Exercise aim >> Exactly as they appear, please output the lines from the one with "Рисунок 1 – Внешний вид калибраторов" through the end of the material, without pictures.

Extracted material >>
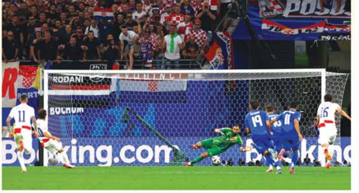
အယ်လ်ဘားနီးယားအသင်းမှာမူ ရမှတ် ၁မှတ်တို့ဖြင့် အုပ်စု အဆင့်မှပင် လှည့်ပြန်ခဲ့ရပြီဖြစ်သည်။ နိုင်ကမ္ဘာ

ဂျာမနီနိုင်ငံက အိမ်ရှင်အဖြစ် လက်ခံကျင်းပသည့် ယူရို ၂၀၂၄ ဥရောပဖလား ဘောလုံးပြိုင်ပွဲ၊ အုပ်စု(ခ)ပွဲစဉ်အဖြစ် မြန်မာစံတော်ချိန် နံနက် ၁နာရီ ၃၀မိနစ်က ဂျာမနီနိုင်ငံ၊ ဒပ်ဆဲလ်ဒေါ့မြို့၊ ဒပ်ဆဲလ်ဒေါ့ဘောလုံးကွင်းတွင် စပိန်အသင်းနှင့် အယ်လ်ဘားနီးယားအသင်းတို့ ယှဉ်ပြိုင်ကစားကြရာ စပိန်အသင်းက အယ်လ်ဘားနီးယားအသင်းအား တစ်ဂိုး၊ ဂိုးမရှိဖြင့် အနိုင်ရရှိခဲ့သည်။ စပိန်အသင်းအတွက် သွင်းဂိုးကို ပွဲချိန် ၃၀မိနစ်တွင် ဖာရန်တောရက်စ်က လှလှပပသွင်းယူပေးခဲ့ သည်။ ဂျာမနီနိုင်ငံ၊ လိုက်ပဇစ်မြို့၊ လိုက်ပဇစ်ဘောလုံးကွင်းတွင် မြန်မာစံတော်ချိန် နံနက် ၁နာရီ ၃၀မိနစ် က ခရိုအေးရှားအသင်းနှင့် အီတလီအသင်းတို့ ယှဉ်ပြိုင်ကစားကြရာ တစ်ဖက်တစ်ရိုးဖြင့် သရေရလဒ်သာ ထွက်ပေါ်ခဲ့သည်။ ခရိုအေးရှားအသင်းအတွက် သွင်းဂိုးတစ်ဂိုးကို ပွဲချိန် ၅၅မိနစ်တွင် လူကာမိုဒရစ်က သွင်းယူပေးခဲ့ပြီး၊ အီတလီအသင်းအတွက် သွင်းဂိုးတစ်ဂိုးကို ပွဲချိန် ၉၈မိနစ်တွင် ဇက်ကာနီက သွင်းယူပေးခဲ့သည်။ ယူရို ၂၀၂၄ ဥရောပဖလား ဘောလုံးပြိုင်ပွဲ၊ အုပ်စု(ခ)ပွဲစဉ်အားလုံးကစားအပြီးတွင် စပိန်အသင်းက ရမှတ် ၉မှတ် အုပ်စုပထမဖြင့် ၁၆သင်းအဆင့် တက်ရောက်ခဲ့သလို၊ အီတလီအသင်းက ရမှတ် ၄ မှတ် အုပ်စုဒုတိယဖြင့် ၁၆သင်းအဆင့်တက်ရောက်နိုင်ခဲ့ပြီး၊ ခရိုအေးရှားအသင်းသည်လည်း ရမှတ် ၂မှတ်၊
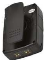
Zadní pohled na kameru s upevňovacím klipem
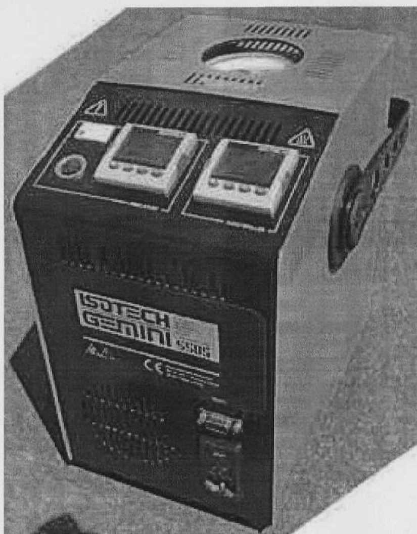
Рисунок 1 – Внешний вид калибраторов
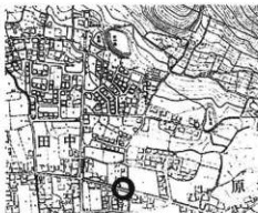
第1図 遺物採集位置図 (1:10,000)
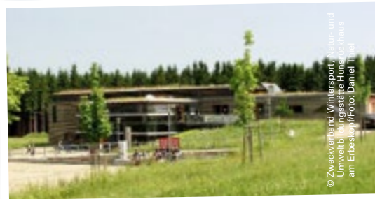
Das Hunsrückhaus am Erbeskopf

Answer to this task >>
Рисунок 1 – Внешний вид калибраторов
第1図 遺物採集位置図 (1:10,000)
Das Hunsrückhaus am Erbeskopf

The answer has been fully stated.